There’s a lot that we can say about how the relationship with alcohol passes down from generation to generation and it’s not limited to your genes.
Growing up with caregivers who have a poor relationship with alcohol, the issues don’t only stem from the chaos of addiction. The fact is that once excessive alcohol consumption is involved, emotional instability will be there too. That aspect in and of itself has lasting consequences.
The best example I’ve seen of the effect of intergenerational drinking are twin brothers I met early in recovery while I still lived in the UK. Growing up, the pub was like their second home. It was where their family gathered, everyone in the family drank and got drunk.
It felt like a family tradition. Drinking was this magical thing their family loved and that took up a lot of their family’s attention. Naturally, growing up they couldn’t wait to join the club so they could be closer to their family.
What is interesting about their story is, the cost and consequences of drinking were given the context of “That’s just what happens. No big deal.” When they were old enough, they started doing the family thing and they struggled.
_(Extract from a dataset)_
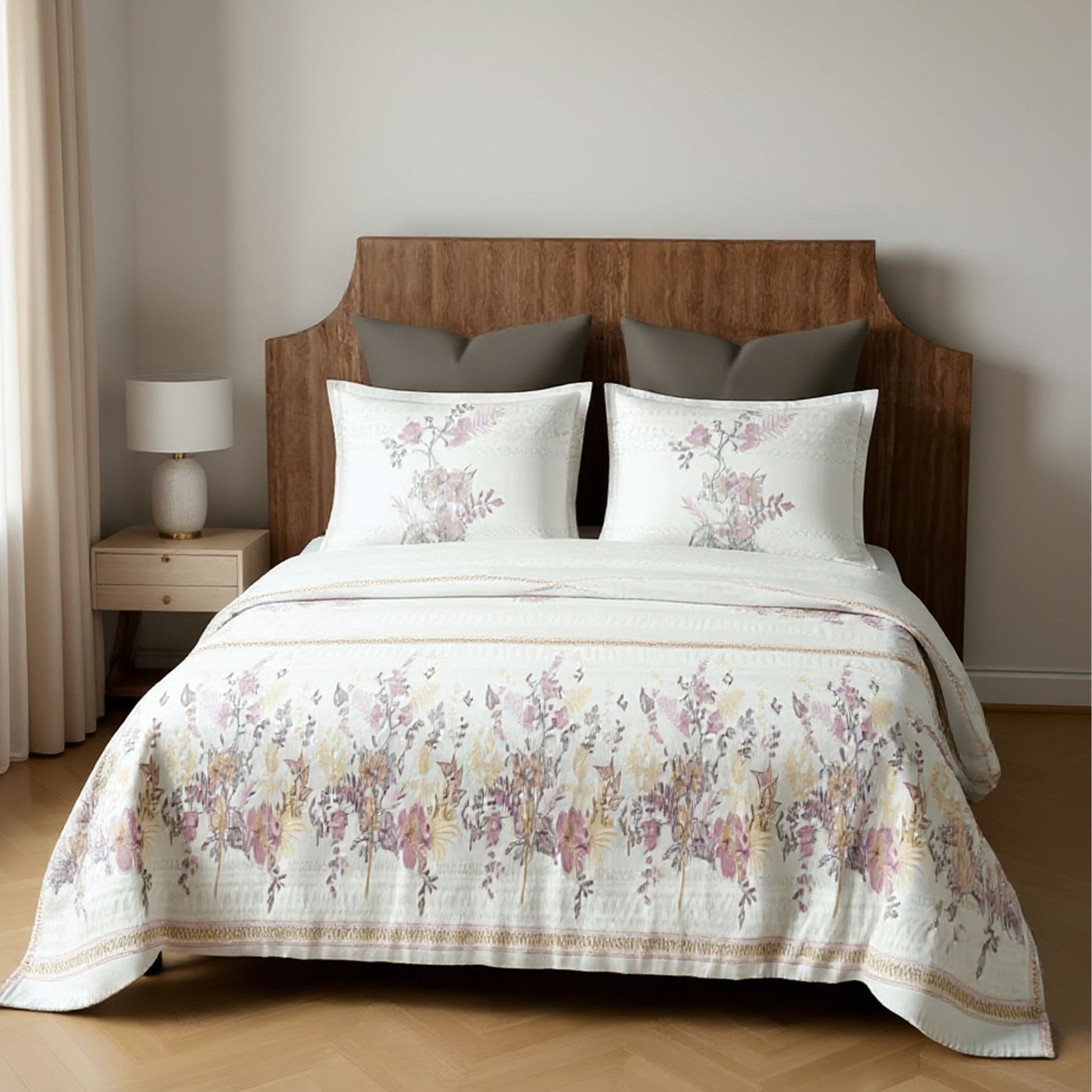 Harmony Fusion Pure Cotton Floral Pink Printed Bedsheet

They struggled with education, with jobs, and eventually decided to get sober.
Luckily, they had each other because that left them with a very difficult relationship with their family because neither side gets the other.
When I think about it, whether or not they have a genetic predisposition to alcohol use disorders, their experiences growing up made it next to impossible for them to avoid it.
And as we are in the midst of the holiday season, the conversation with our parents about our sobriety is something lots of us dread.
But why should that be a difficult thing to tell your parents?
It’s an extraordinary statement that your parents are going to be upset because you’ve decided to stop doing something that has no health benefits whatsoever.
If it’s a problem that you’re not drinking, then that says something about the attitude to alcohol in the family.
It doesn’t take a lot of alcohol to put a barrier between you and your children. You don’t have to be a fall-down-drunk to be emotionally distanced, as both Chip and I experienced with our parents. You can still be emotionally unavailable and that’s the thing that really does the damage.
That’s why we believe the focus should be more on the impact of alcohol on children and how we can make that better.